The team determined that the finding was associated with the initiating events cornerstone and affected the cornerstone objective of limiting the likelihood of events that upset plant stability and challenge critical safety functions. Therefore, the finding was greater than minor. A significance determination process phase 1 screening was performed and the finding was determined to have very low safety significance, because it did not increase the likelihood of a loss of coolant accident initiator, and did not increase the likelihood of both a reactor trip and unavailability of mitigation equipment.

Enforcement.

Technical Specification 5.4.1.a requires that written procedures be established, implemented and maintained covering the activities specified in Regulatory Guide 1.33, Appendix A (1978). Regulatory Guide 1.33, Appendix A, requires that maintenance that can affect the performance of safety-related equipment should be properly pre-planned and performed in accordance with written procedures, documented instructions, or drawings appropriate to the circumstances. Because this failure to have adequate instructions is of very low safety significance and has been entered into the corrective action program as CRDR 2624427, this violation is being treated as an noncited violation, consistent with Section VI.A of the NRC Enforcement Policy: NCV 05000529/2004006-03, Inadequate procedure for pressurizer spray valve maintenance.
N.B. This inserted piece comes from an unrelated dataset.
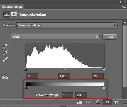 Es hat sich bewährt, die Selektive Farbkorrektur mit einer Tonwert- und Schwellenwert-Ebene in einer Gruppe zusammen zu fassen. Ist die gewünschte Bildwirkung erreicht, sollte über den Schwellenwert der Tonwertumfang auf zugelaufene Schwarz- und ausgefressene Weißwerte kontrolliert werden. Falls solche Stellen im Bild auftauchen wird über die Tonwertebene der Tonwertumfang reduziert. Oft reicht ein Beschnitt um je einen Tonwert am oberen und unteren Ende.
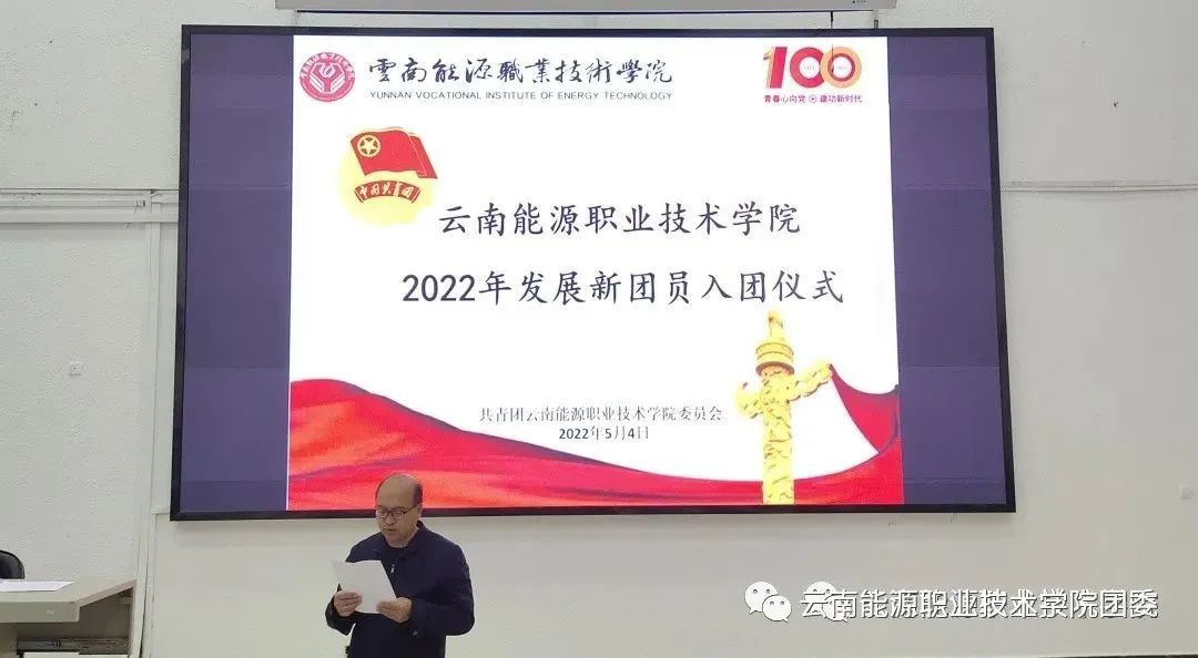 2022年5月4日是中国共产主义青年团建团100周年纪念日,值此五四青年节之际,我校于17:30在麒麟校区尚学楼开展江南广告2022年新团员入团仪式。参加仪式的有学校党委副书记史祝云、团委书记李章凤、各江南广告 团总支书记、副书记以及团干部、新团员等80余人。

This will also close the applicable Licensee Event Report 05000529/2003-001-00.

b. (Closed) Unresolved Item 05000530/2003011-01: RCP 2A Seal Failure Root Cause Evaluation On July 28, 2003, in response to a grid disturbance, Unit 3 experienced a loss of nonvital power which resulted in the loss of all four reactor coolant pumps. Following the loss of the reactor coolant pumps, operators identified reactor coolant system leakage of approximately 1.7 gallons per minute due to a third stage seal failure on Reactor Coolant Pump RCP 2A. The licensee established plant conditions to terminate the leak and replace the degraded seal package. The equipment issue has been entered into the corrective action program as CRDR 2627059. This unresolved item was initiated pending a review of the root cause evaluation for the pump seal failure.
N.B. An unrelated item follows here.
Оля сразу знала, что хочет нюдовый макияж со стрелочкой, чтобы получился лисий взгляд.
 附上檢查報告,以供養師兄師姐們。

The licensees root cause analysis determined that the O-ring in the third stage that seals the gap between the carrier and the stationary seal ring diameters was extruded when controlled bleedoff was isolated during the event. The O-ring extruded due to a marginal design of the gap which became unacceptably large due to the combination of initial size, applied pressure, and temperature. The licensees corrective action was to work with the vendor to develop a modification to seal design to prevent future occurrences. The team reviewed the licensees root cause analysis and did not identify any finding of significance. This unresolved item is closed.

4OA6 Exit Meeting

The team discussed the findings with Mr. G. Overbeck, Senior Vice-President, and other members of the licensees staff on July 2, 2004. Licensee management did not identify any materials examined during the inspection as proprietary.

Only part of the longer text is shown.